◆ Activity ◆
Please return all records verbatim, no pictures.

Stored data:
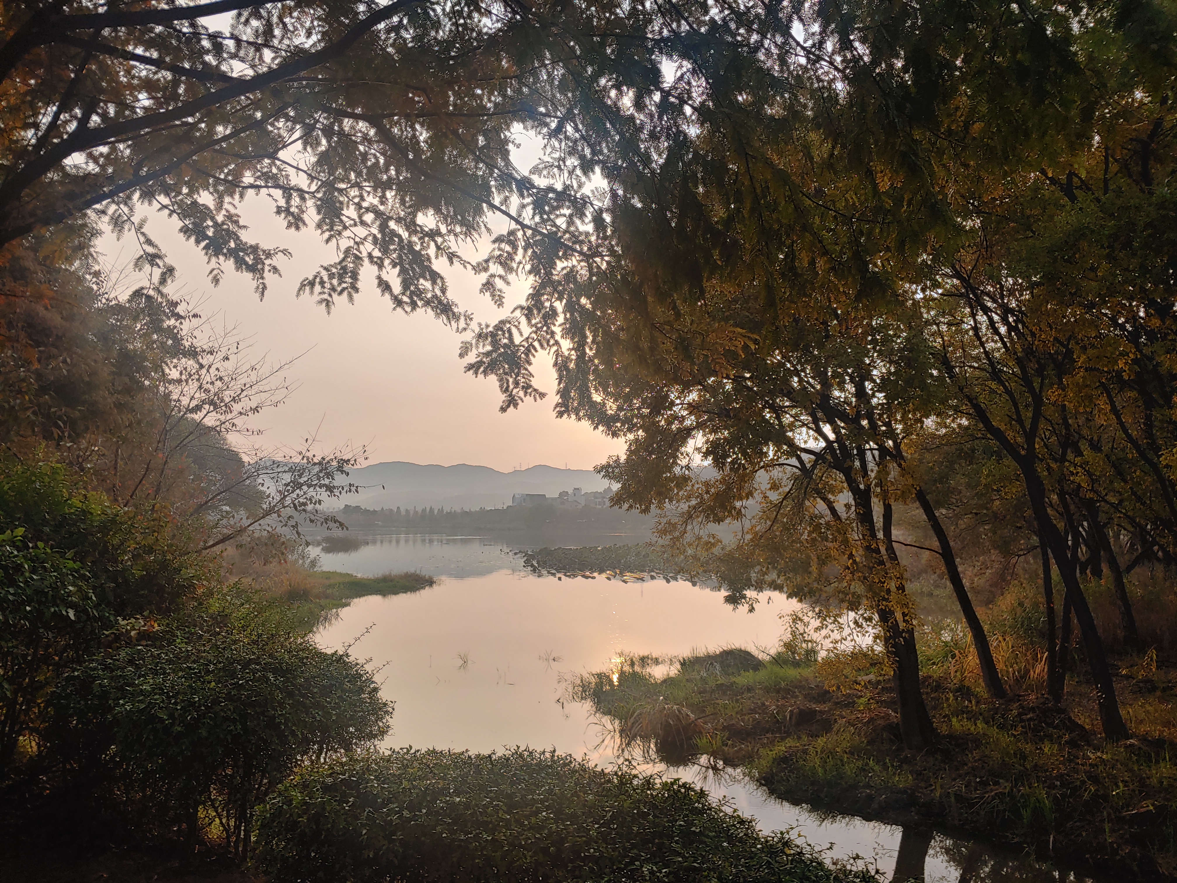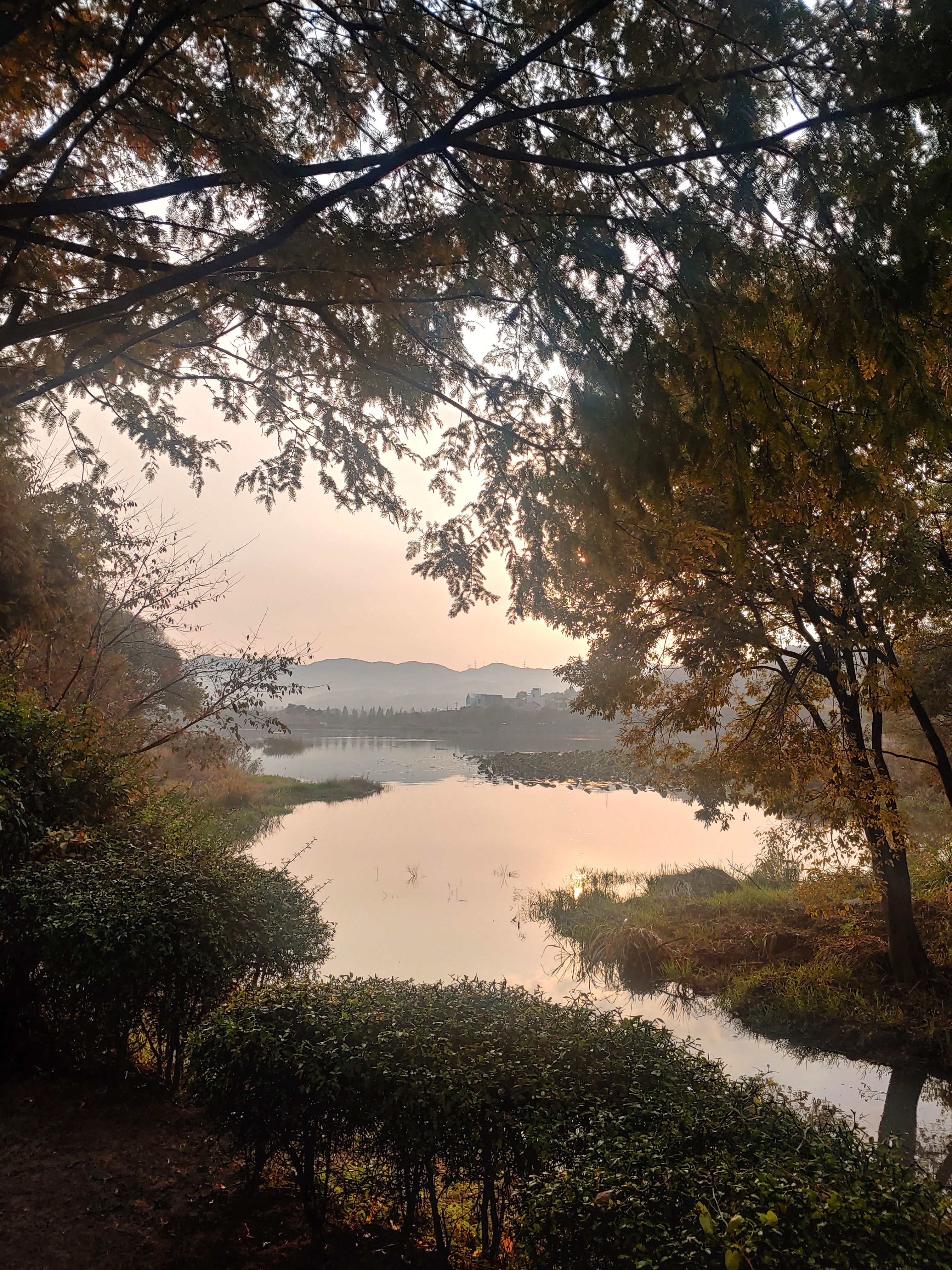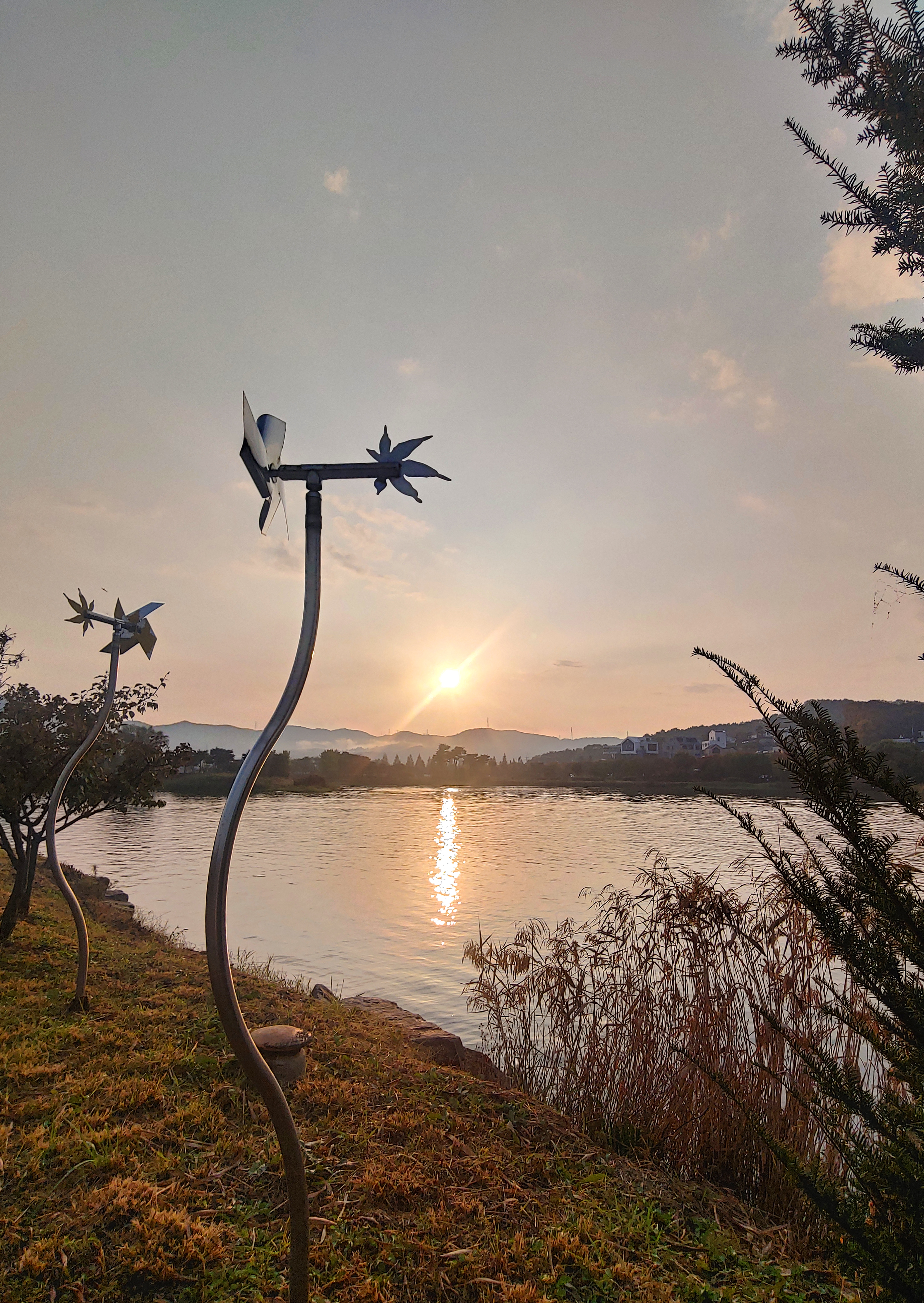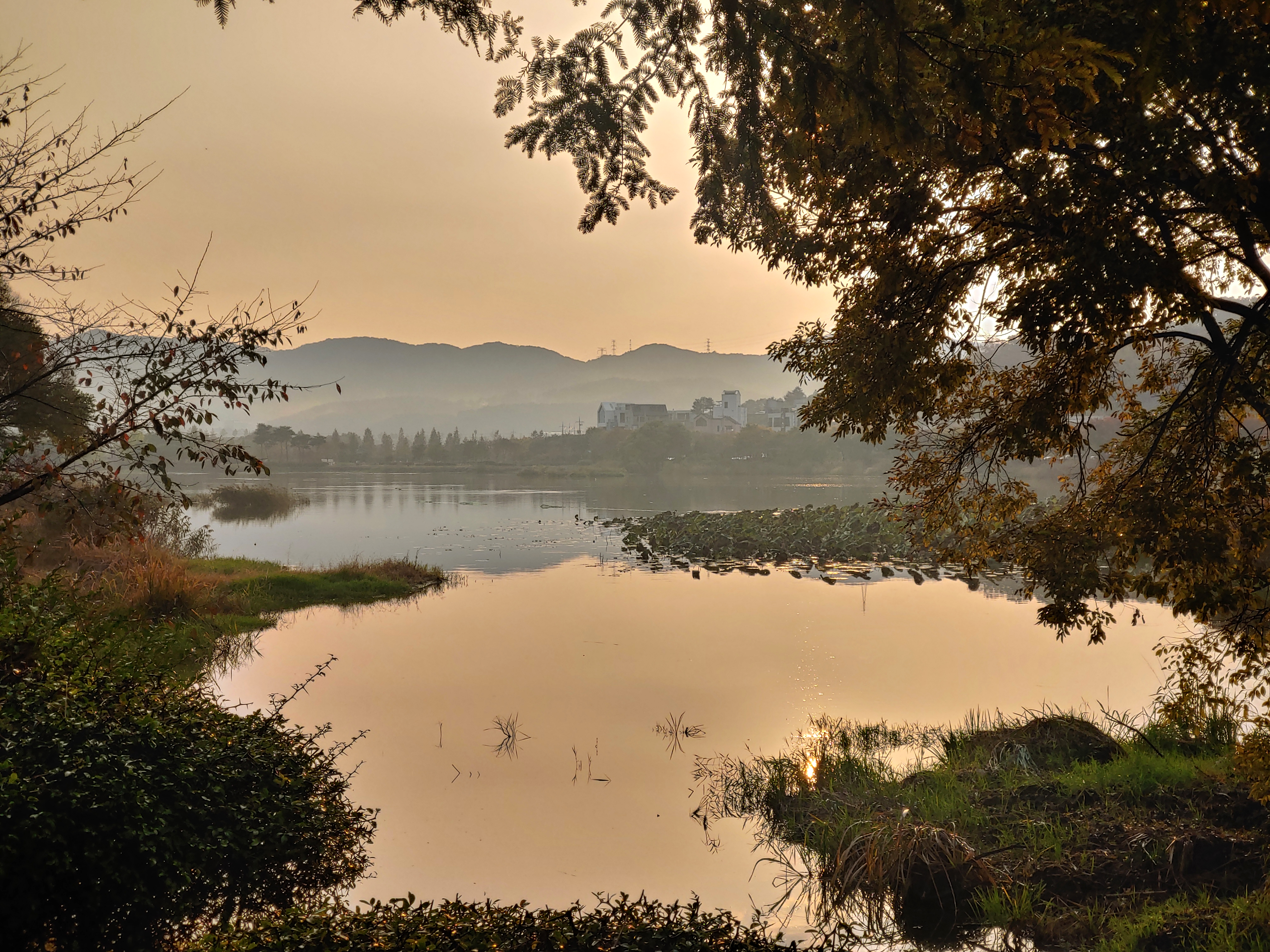 비가 그친 물가라 그런지 살짝 안개가 있는게, 노을 시간대가 아닌 새벽 시간대 인 거 같더라구요.
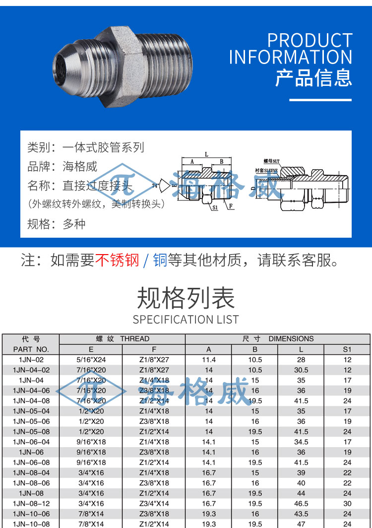 直接过度接头外螺纹转外螺纹(美制转换头)-1JN
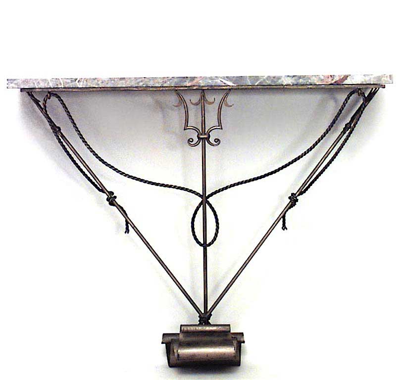 Italian Mid-Century (1940s) style gilt iron console table with rectangular grey marble top on a trident & rope twist base.
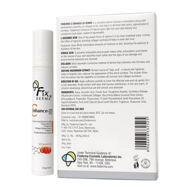 Fixderma C Enhance-25 SerumAbout the Product:A glow-boosting daily serum packaged with the goodness of Vitamin C has an advanced formula of anti-aging that reduces fine lines, dark spots, pigmentation, and wrinkles.Directions for Use:Clean your face and pat dry. Take 5 to 6 drops (approx. 1 ml) on your palm, apply to your face, and massage for 30-40 secs. Its quickly absorbed into your skin. Apply morning and evening preferably for quick and visible results.Legal Disclaimer: Product images are for illustrative purposes only. Images/packaging/ labels may vary from time to time due to changes made by the manufacturer's manufacturing batch and location. The product description is for information purposes only and may contain additional ingredients.Product ID:9096899
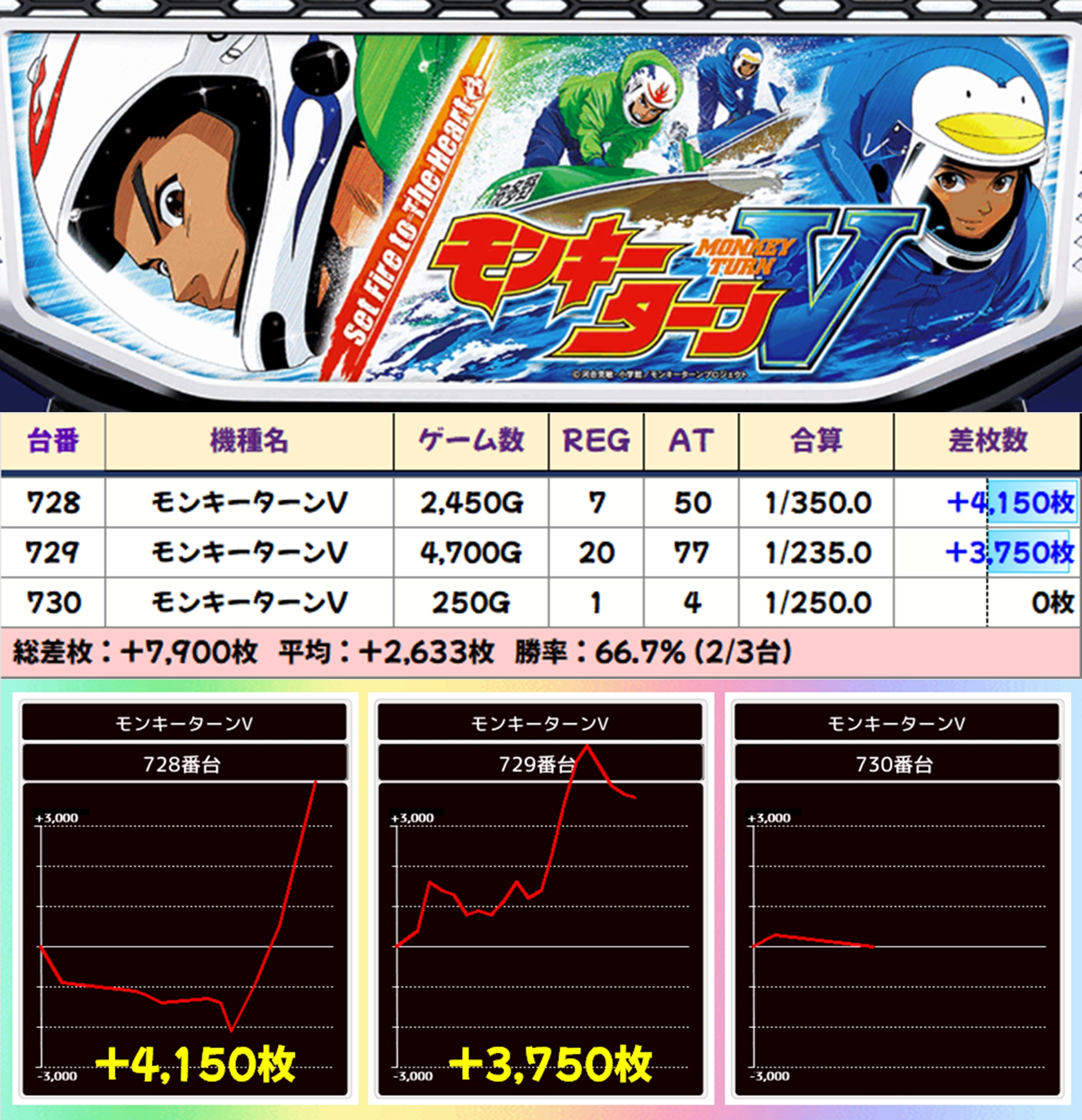 【3台並び】モンキーターンV(728-730番台)→平均+2,633枚
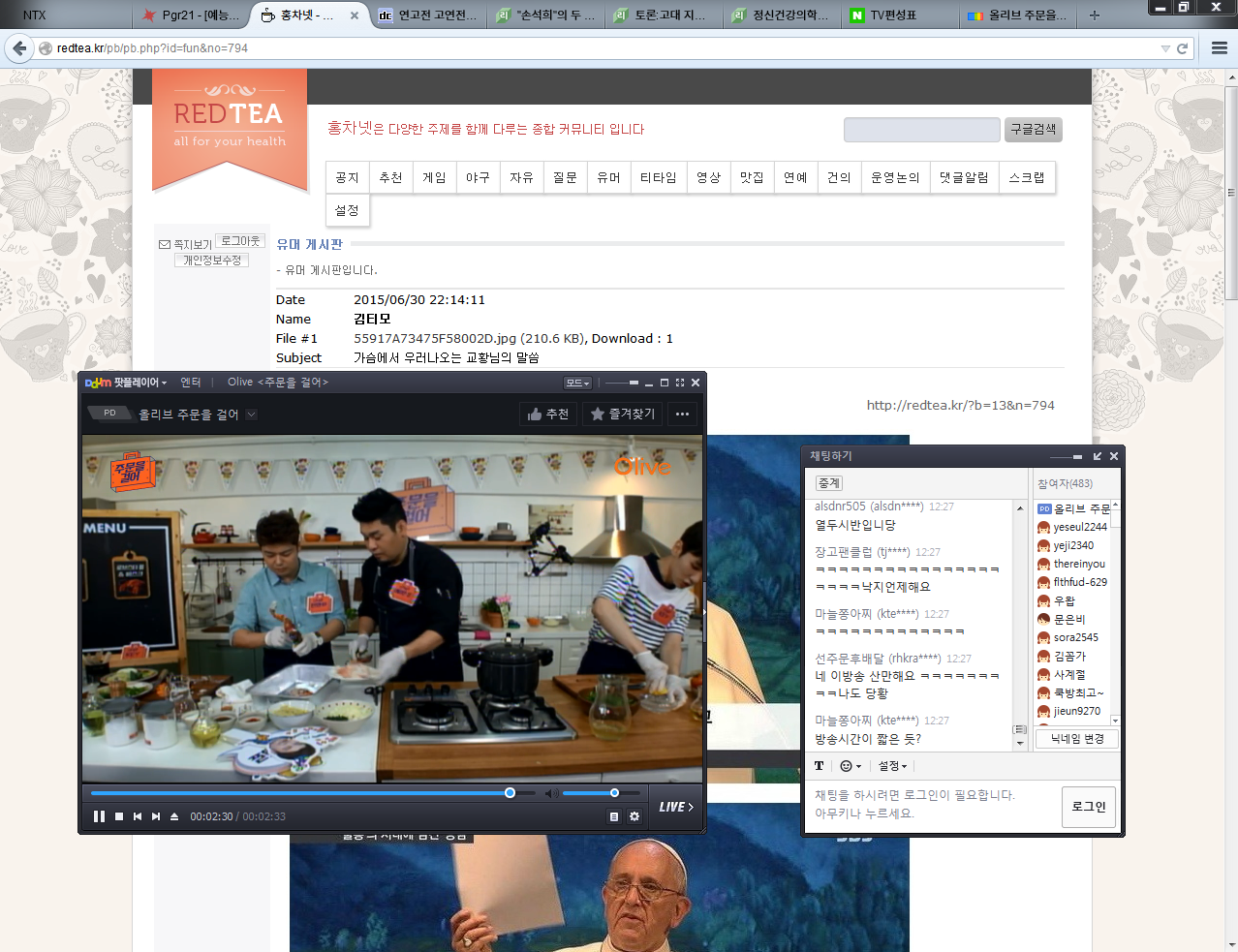 http://program.lifestyler.co.kr/olive/joomoon http://tv.kakao.com/l/18459691 사연자의 주문을 받아서 팟플레이어로 요리 과정을 중계한 뒤에 집까지 배달해주는 프로그램인데 결과물이 어떻게 나올지 기대되네요 그런데 방송 내용이 너무 어수선한게 함정. ps. 그나저나 어 스타일 포 유도 그렇고 이건 마리텔하고는 장르가 다른 것 같으니 마리텔 드립 자제좀... 0
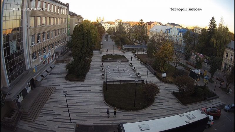 Як виглядає з висоти оновлена площа з фонтанами в центрі Тернополя
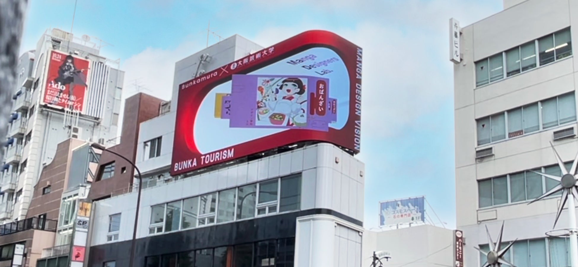 原宿・竹下口交差点に面したT’s oneビルの屋上広告ビジョンにて、10月31日までの期間限定で、「マンガデザインで文化ツーリズム」掲載作品の一部を鮮やかな3Dビジョンでご覧いただけます。額縁から飛び出すSNS+デジタルOOH作品の数々をどうぞお楽しみください。
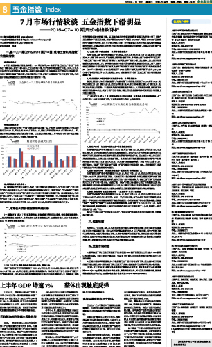 7月市场行情较淡 五金指数下滑明显...
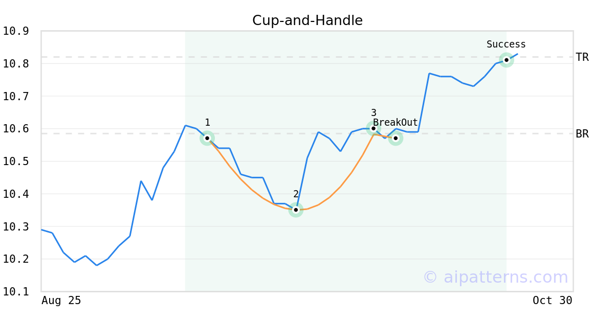 On October 09, 2025, A.I.dvisor detected a Cup-and-Handle Pattern (Bullish) for INVESCO CALIFORNIA VALUE MUNI Income TRUST (VCV, $10.51). On October 09, 2025, A.I.dvisor confirmed the Bullish pattern, setting a target price of $10.82. 14 days later, on October 23, 2025, VCV reached the target price resulting in a for traders who took a long position in the stock.
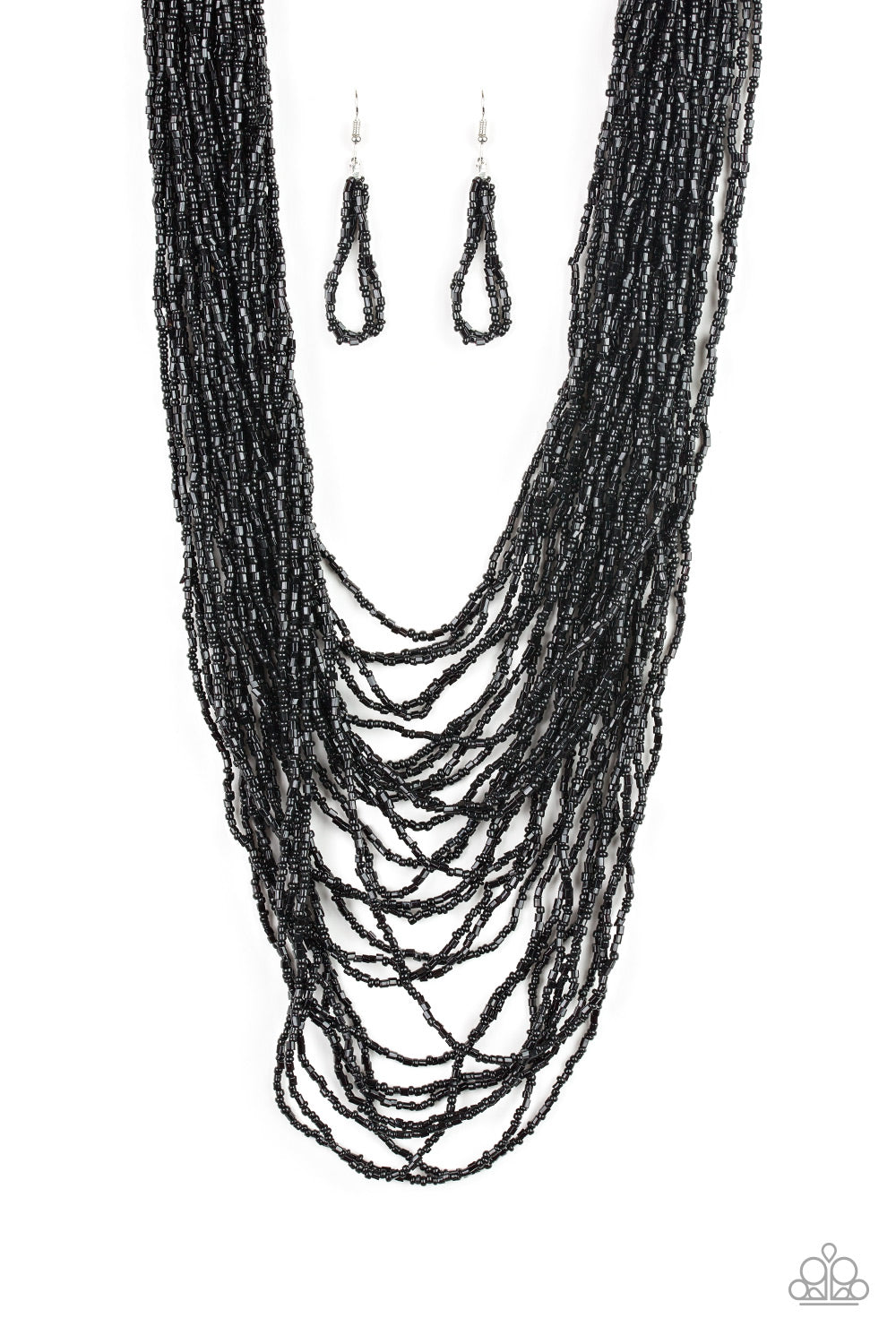 Brushed in an icy metallic shimmer, countless strands of black seed beads drape across the chest in a bold fashion. Featuring a collision of shapes and shimmer, the glittery strands connect to two large silver accents for a flashy finish. Features an adjustable clasp closure.

◆ Solution to this exercise ◆
 비가 그친 물가라 그런지 살짝 안개가 있는게, 노을 시간대가 아닌 새벽 시간대 인 거 같더라구요.
 直接过度接头外螺纹转外螺纹(美制转换头)-1JN
 Italian Mid-Century (1940s) style gilt iron console table with rectangular grey marble top on a trident & rope twist base.
 Fixderma C Enhance-25 SerumAbout the Product:A glow-boosting daily serum packaged with the goodness of Vitamin C has an advanced formula of anti-aging that reduces fine lines, dark spots, pigmentation, and wrinkles.Directions for Use:Clean your face and pat dry. Take 5 to 6 drops (approx. 1 ml) on your palm, apply to your face, and massage for 30-40 secs. Its quickly absorbed into your skin. Apply morning and evening preferably for quick and visible results.Legal Disclaimer: Product images are for illustrative purposes only. Images/packaging/ labels may vary from time to time due to changes made by the manufacturer's manufacturing batch and location. The product description is for information purposes only and may contain additional ingredients.Product ID:9096899
 【3台並び】モンキーターンV(728-730番台)→平均+2,633枚
 http://program.lifestyler.co.kr/olive/joomoon http://tv.kakao.com/l/18459691 사연자의 주문을 받아서 팟플레이어로 요리 과정을 중계한 뒤에 집까지 배달해주는 프로그램인데 결과물이 어떻게 나올지 기대되네요 그런데 방송 내용이 너무 어수선한게 함정. ps. 그나저나 어 스타일 포 유도 그렇고 이건 마리텔하고는 장르가 다른 것 같으니 마리텔 드립 자제좀... 0
 Як виглядає з висоти оновлена площа з фонтанами в центрі Тернополя
 原宿・竹下口交差点に面したT’s oneビルの屋上広告ビジョンにて、10月31日までの期間限定で、「マンガデザインで文化ツーリズム」掲載作品の一部を鮮やかな3Dビジョンでご覧いただけます。額縁から飛び出すSNS+デジタルOOH作品の数々をどうぞお楽しみください。
 7月市场行情较淡 五金指数下滑明显...
 On October 09, 2025, A.I.dvisor detected a Cup-and-Handle Pattern (Bullish) for INVESCO CALIFORNIA VALUE MUNI Income TRUST (VCV, $10.51). On October 09, 2025, A.I.dvisor confirmed the Bullish pattern, setting a target price of $10.82. 14 days later, on October 23, 2025, VCV reached the target price resulting in a for traders who took a long position in the stock.
 Brushed in an icy metallic shimmer, countless strands of black seed beads drape across the chest in a bold fashion. Featuring a collision of shapes and shimmer, the glittery strands connect to two large silver accents for a flashy finish. Features an adjustable clasp closure.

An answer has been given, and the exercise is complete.